WHAT THE EXERCISE ASKS
A faithful copy of the entries, without any pictures, is what is needed here.

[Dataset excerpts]
+--

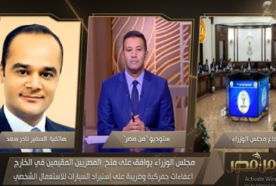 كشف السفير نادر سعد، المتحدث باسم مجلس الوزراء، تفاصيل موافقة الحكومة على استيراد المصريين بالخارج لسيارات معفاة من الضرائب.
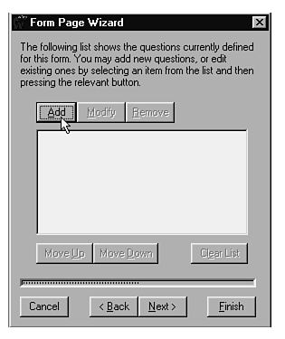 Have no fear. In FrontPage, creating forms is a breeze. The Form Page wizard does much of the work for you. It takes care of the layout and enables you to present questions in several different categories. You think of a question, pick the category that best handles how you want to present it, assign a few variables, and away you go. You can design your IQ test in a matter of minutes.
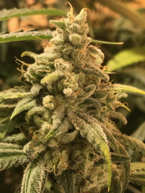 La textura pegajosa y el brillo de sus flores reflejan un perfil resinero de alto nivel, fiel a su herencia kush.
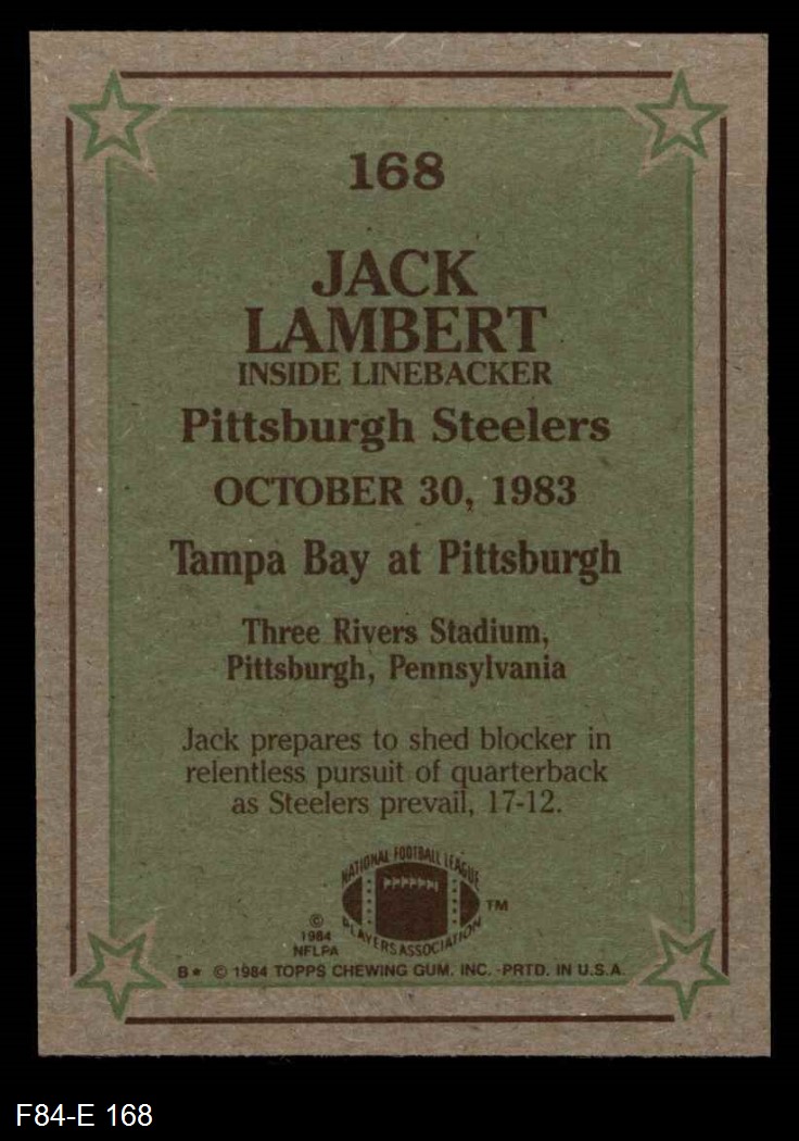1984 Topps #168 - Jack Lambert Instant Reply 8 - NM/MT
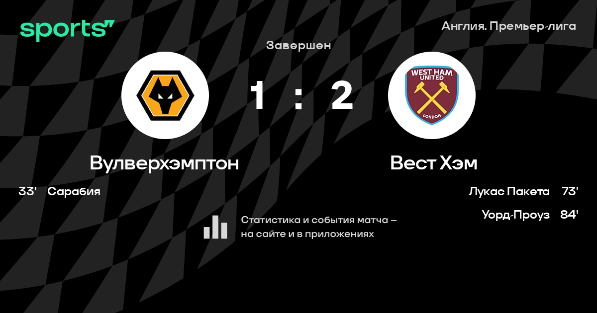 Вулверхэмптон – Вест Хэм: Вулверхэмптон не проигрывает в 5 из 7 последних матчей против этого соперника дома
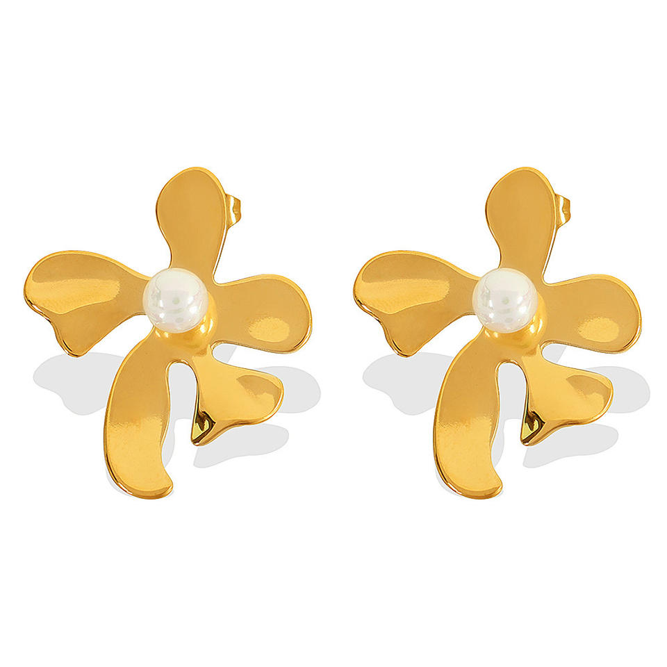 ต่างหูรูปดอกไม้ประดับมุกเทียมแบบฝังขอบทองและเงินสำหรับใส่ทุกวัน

+--

FINISHED TASK
 كشف السفير نادر سعد، المتحدث باسم مجلس الوزراء، تفاصيل موافقة الحكومة على استيراد المصريين بالخارج لسيارات معفاة من الضرائب.
 Have no fear. In FrontPage, creating forms is a breeze. The Form Page wizard does much of the work for you. It takes care of the layout and enables you to present questions in several different categories. You think of a question, pick the category that best handles how you want to present it, assign a few variables, and away you go. You can design your IQ test in a matter of minutes.
 La textura pegajosa y el brillo de sus flores reflejan un perfil resinero de alto nivel, fiel a su herencia kush.
1984 Topps #168 - Jack Lambert Instant Reply 8 - NM/MT
 Вулверхэмптон – Вест Хэм: Вулверхэмптон не проигрывает в 5 из 7 последних матчей против этого соперника дома
 ต่างหูรูปดอกไม้ประดับมุกเทียมแบบฝังขอบทองและเงินสำหรับใส่ทุกวัน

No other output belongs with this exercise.